Trying to heal from a bunch of worms tunneling into you is harder than it sounds, and not for the reasons you'd expect.

Notes:

(See the end of the work for notes.)

Work Text:

"Jon."

"Jon."

Jon, barely processing his name being called, makes a curious noise as Martin reaches out to pull his hand away from where he was - oh, he was picking. Again.
"You're picking again."

"I realize that."

Jon scratches the table in frustration and shuffles away from Martin. At this rate he'd be falling off the end of the table in less than an hour. The large, suspiciously kind man was fussing over him constantly, now even more than ever.

"...What does it matter to you if I'm picking?"

"Well, for one, you leave blood everywhere. That's a bit of a hazard. And, well, I don't like seeing you hurting."

"It doesn't hurt. It feels good. That's why I do it."

Martin makes a face, probably a concerned one but it's not clear out of the corner of Jon's eye, which is the only way he's capable of looking at Martin right now. He realizes he just said something Bad, that normal people don't say. He is going to ignore it, and hope that Martin does too.

Martin does not ignore it.

"Just because something feels good in the moment doesn't mean it's good for you. Picking off scabs is going to leave you with worse scars, and you might get infected, or something."

Jon grits his teeth. "I don't care about scars. And infections can be treated. I'm fine."

Martin is red, not the pleasant flush when he gets a compliment, but a shade that can only be interpreted as a very visual sign of anger. His hands in particular get red when he's angry. Of course he's angry at Jon. Who wouldn't be?

"Fine. You sure as hell aren't going to take care of yourself, so I guess I'll just have to be selfish. I don't want you to have worse scars, and I don't want you to get infected. I caused this, remember? I was the one with the damn corkscrew ripping into your skin, I made these scabs."

"But the worms-"

"Fuck the worms! I don't know what they would have done, but it wouldn't have left you like...like this! Obsessing, pulling off your own skin every time you start to heal, bleeding all over your precious statements, bleeding all over the Archives. You don't even realize that you hiss whenever you pull one off. It hurts to hear, but all your muddled brain can focus on is the OBSESSION with the picking! And god knows what else you're obsessed with, because it's certainly not your own well-being, and you're scaring everyone, and you're scaring me, Jon, and I don't know how to help."

There's a silence for some time then.
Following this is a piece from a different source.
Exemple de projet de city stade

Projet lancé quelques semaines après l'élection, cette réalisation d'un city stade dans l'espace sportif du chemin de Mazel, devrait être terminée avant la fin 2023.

Martin exudes pure guilt, and Jon doesn't know what to say to make it better, to make him better, to make anything better.
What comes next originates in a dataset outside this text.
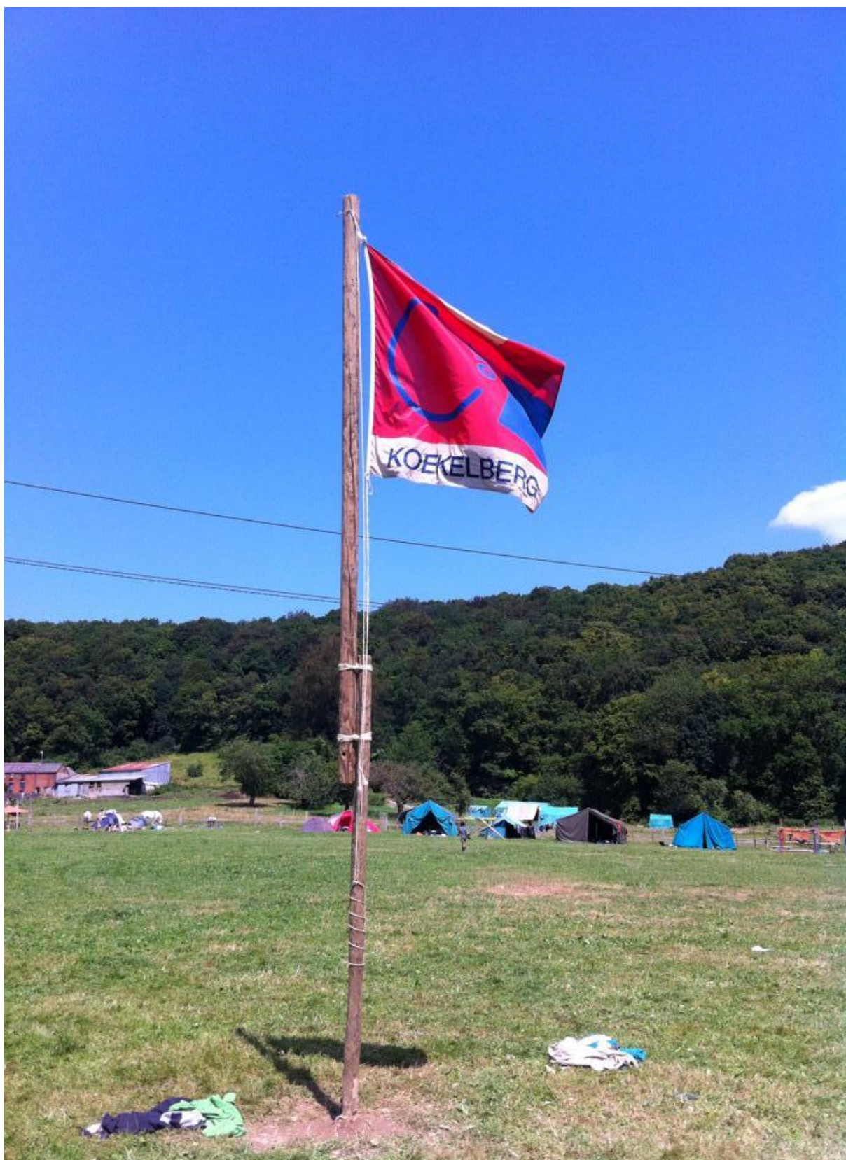
V.U.: Chiro St.-Anneke, Dapperenstraat 20, 1081 Koekelberg

"...Do you really think I'd be better off as a flesh hive?"

"God, Jon, is that all you got from all that?"

"No, but it's the only thing I know how to respond to. I wouldn't want you to have to live with the regret of having saved my life."

Martin rubs his face with his hands. They're still red, but not as red as before.

"I saved your life because I care about you, Jon. I realize that digging a sharp object into the skin of someone who's filled with worms isn't really the most common way to show you care, but there was no way I was letting you become what Prentiss had. I had that...thing sitting outside my window for ages, remember? And all I could think about when those worms dug into you was, that is not going to be Jon."

"Oh, so you don't want me to stand ominously outside your flat while you eat tinned peaches and cry? I never could have guessed."

Martin laughs wetly, the sound of a man who doesn't know if he wants to cry or not. "No, Jon, I don't."

There's another silence, but it's softer this time. Jon notices his hand moving back to his arm and stops it himself. He sighs and looks at Martin, directly, for the first time since this conversation's started.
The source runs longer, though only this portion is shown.